「Before Mickey」  「Of Mice and Magic」

 
 どちらも、やや古くなったが、アメリカ・アニメーション史研究には欠くことができない基本文献。
 同時に、邦訳が最も待たれている文献とも言えよう。(もっとも、「待たれている」うちに、ずいぶん時間が経ってしまった。だいたい日本は、海外文献の邦訳が少なすぎる。そのわりに、「現代日本のアニメ」という謎本の邦訳が出たりする)
 
 
 ●「Before Mickey」
  著 者: Donald Crafton
  出版社: The University of Cicago Press
  刊行年: 1982年(1993年再刊)
 
 
 
 タイトルのとおり、アメリカでミッキーが登場するまでの、初期アニメーション史についての研究書。アニメーションの起源としての映像玩具にはじまり、ブラックトンの『幽霊ホテル』考察、そして、「最初のアニメーター」としてエミール・コールを挙げ、マッケイ、ブレイへと進んでいく。

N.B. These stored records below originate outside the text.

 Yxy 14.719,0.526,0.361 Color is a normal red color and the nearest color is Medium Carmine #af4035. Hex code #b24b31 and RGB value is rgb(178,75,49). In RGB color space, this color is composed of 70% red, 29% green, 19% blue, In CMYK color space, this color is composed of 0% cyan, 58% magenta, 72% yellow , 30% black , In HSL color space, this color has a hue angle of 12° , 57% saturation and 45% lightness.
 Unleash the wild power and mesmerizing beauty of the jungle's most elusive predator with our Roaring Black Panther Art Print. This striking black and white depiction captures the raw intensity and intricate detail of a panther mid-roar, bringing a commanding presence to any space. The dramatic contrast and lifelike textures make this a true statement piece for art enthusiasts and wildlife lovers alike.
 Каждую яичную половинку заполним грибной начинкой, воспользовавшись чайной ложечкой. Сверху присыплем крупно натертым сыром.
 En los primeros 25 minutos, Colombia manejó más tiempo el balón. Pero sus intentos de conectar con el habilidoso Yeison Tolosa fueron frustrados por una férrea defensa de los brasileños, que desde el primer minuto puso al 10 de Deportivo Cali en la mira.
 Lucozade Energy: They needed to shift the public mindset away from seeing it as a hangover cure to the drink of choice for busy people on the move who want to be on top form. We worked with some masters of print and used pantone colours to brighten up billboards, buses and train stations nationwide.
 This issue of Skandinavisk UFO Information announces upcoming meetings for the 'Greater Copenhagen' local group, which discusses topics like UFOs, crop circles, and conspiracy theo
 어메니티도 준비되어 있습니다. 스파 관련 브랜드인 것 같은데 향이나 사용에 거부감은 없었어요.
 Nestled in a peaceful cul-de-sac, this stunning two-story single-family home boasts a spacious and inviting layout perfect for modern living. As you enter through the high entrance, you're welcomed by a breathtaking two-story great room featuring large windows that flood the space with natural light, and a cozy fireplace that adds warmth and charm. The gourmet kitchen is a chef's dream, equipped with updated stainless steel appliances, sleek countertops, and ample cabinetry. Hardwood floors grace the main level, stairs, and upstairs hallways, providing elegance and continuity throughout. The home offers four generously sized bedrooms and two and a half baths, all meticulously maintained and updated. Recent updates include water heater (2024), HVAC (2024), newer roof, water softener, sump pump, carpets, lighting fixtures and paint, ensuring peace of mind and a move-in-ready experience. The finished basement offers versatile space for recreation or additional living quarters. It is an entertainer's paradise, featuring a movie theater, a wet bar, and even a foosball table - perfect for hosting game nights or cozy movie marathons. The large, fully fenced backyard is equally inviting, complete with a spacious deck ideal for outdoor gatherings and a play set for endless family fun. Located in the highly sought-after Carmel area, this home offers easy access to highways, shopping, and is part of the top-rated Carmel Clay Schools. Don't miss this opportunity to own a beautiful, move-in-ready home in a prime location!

 ミッキー登場の瞬間というのは、映画とアニメーションが明確に区分された瞬間であり、「ミッキー以前」というのは、今でこそマッケイやブレイなどの「アニメーション作家」の歴史が語られているが、当時は明確に区分されていなかった。それほど、「映画スター」「アニメ・スター」としてのミッキーのインパクト・影響力は大きく、アニメーションが成すべき創作性が、はっきりと提示されたのだ。
 
 
 ●「Of Mice and Magic」
  著 者: Leonard Maltin
  出版社: Plume
  刊行年: 1980年(1987年再刊)
 
 
 
 アメリカ・アニメーション全史。もちろんディズニー以外の各スタジオやクリエイターの仕事にも詳しく、サイレント時代から、フライシャー、ヴァン・ビューレン、UPAなど、国内文献ではいまだに情報が少ない事項についてもページが割かれている。また、巻末の作品リストも充実しており、利用しやすい。
 ちなみに、著者のMaltinは、先ごろ発売されたディズニー「トレジャー缶」DVDシリーズの監修を務めたことでも知られる。
 
 
 どちらの文献も、アマゾン等で購入可能。